Below is a check whether sessions within the sample are correctly bucketed with 50% probability into either the enabled or disabled condition. These numbers look sound per se. (We expect some slight deviation because of users manually disabling and enabling the feature, which however appears to happen rarely enough - generally in less than 0.01% of sessions, per the second query below.) - However, it's quite odd in combination with the corresponding result for pageviews (T175377#3598231 ).

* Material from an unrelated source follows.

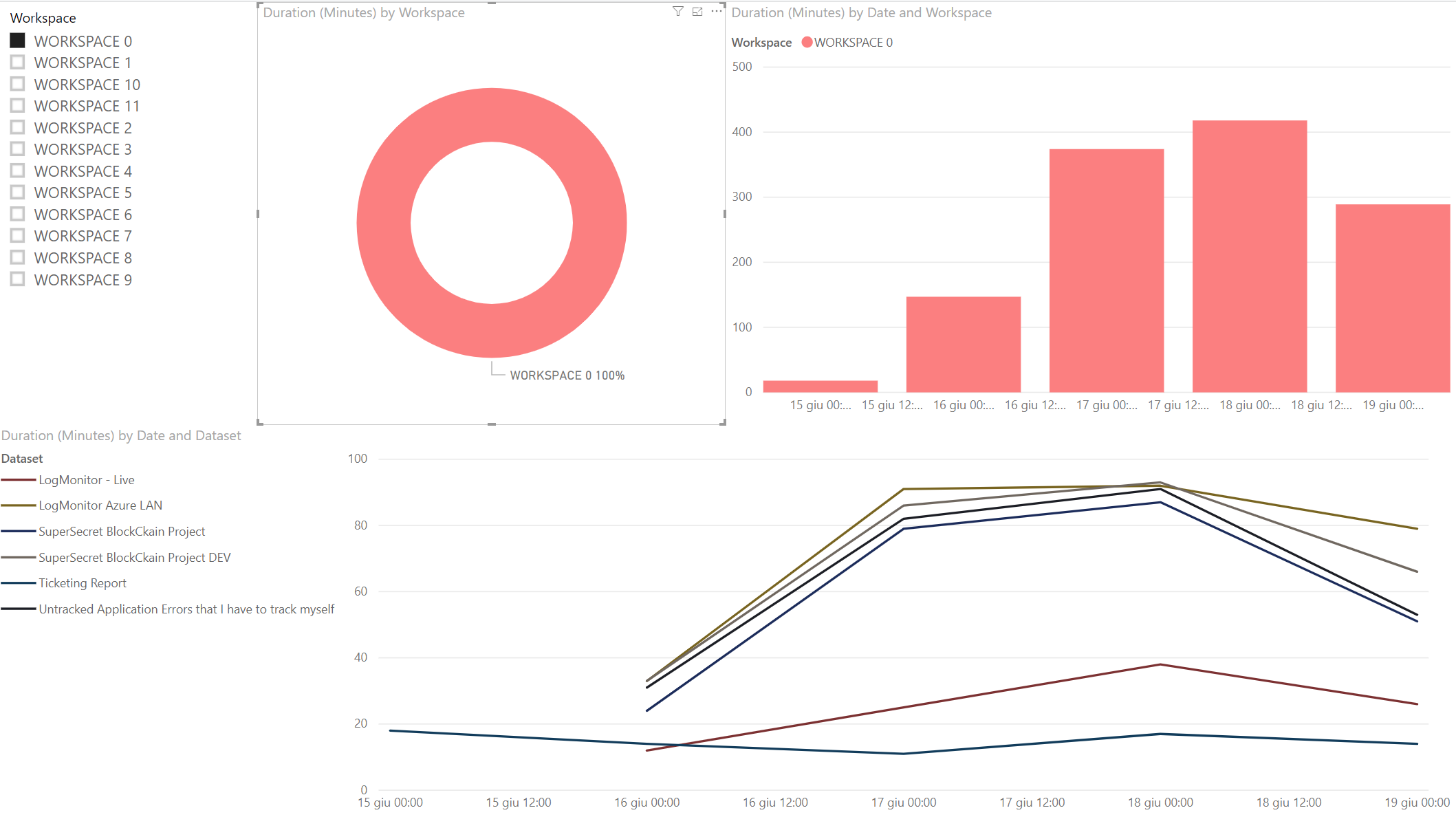 The third page is releated to the performance of the single workspace/dataset, using the timestamps in the refresh data we’re able to tell if there is any relevant deviation from the norm and what’s the total time that we’re passing each day refreshing datasets.

@phuedx and I have been looking further into this today and will post more updates later.

SELECT date,
ROUND(100*SUM(IF(enabled, sessions, 0))/SUM(sessions),6) AS percent_enabled,
SUM(sessions) AS total_sessions
FROM (
SELECT
year, month, day, CONCAT(year,'-',LPAD(month,2,'0'),'-',LPAD(day,2,'0')) AS date, 
COUNT(DISTINCT event.sessionToken) AS sessions,
event.popupEnabled AS enabled
FROM nuria.Popups
WHERE year = 2017 
AND wiki ='enwiki'
AND event.isAnon = 1
GROUP BY year, month, day, event.popupEnabled) AS iq
GROUP BY date
ORDER BY date LIMIT 10000;

date	percent_enabled	total_sessions
2017-08-28	50.424215	4361
2017-08-29	50.048408	68170
2017-08-30	49.90909	641841
2017-08-31	49.954333	1325907
2017-09-01	49.964724	1238798
2017-09-02	49.92723	923456
2017-09-03	49.756386	1015132
2017-09-04	49.924608	1332371
2017-09-05	49.879428	1596141
2017-09-06	49.916476	1657611
2017-09-07	50.013277	1498816
11 rows selected (102.275 seconds)
SELECT year, month, day, CONCAT(year,'-',LPAD(month,2,'0'),'-',LPAD(day,2,'0')) AS date,
COUNT(*) AS disables
FROM nuria.popups
WHERE event.action = 'disabled'
AND year = 2017
GROUP BY year, month, day
ORDER BY year, month, day LIMIT 10000;

year	month	day	date	disables
2017	8	28	2017-08-28	6
2017	8	29	2017-08-29	11
2017	8	30	2017-08-30	49
2017	8	31	2017-08-31	92
2017	9	1	2017-09-01	69
2017	9	2	2017-09-02	97
2017	9	3	2017-09-03	89
2017	9	4	2017-09-04	86
2017	9	5	2017-09-05	100
2017	9	6	2017-09-06	85
2017	9	7	2017-09-07	85
11 rows selected (74.232 seconds)
phuedx updated the task description. (Show Details)

The AC have been met 🎉🎉🎉

I believe @Pcoombe will be tweaking the implementation of the banner impression related code for a test later on in the year (EOQ Q2).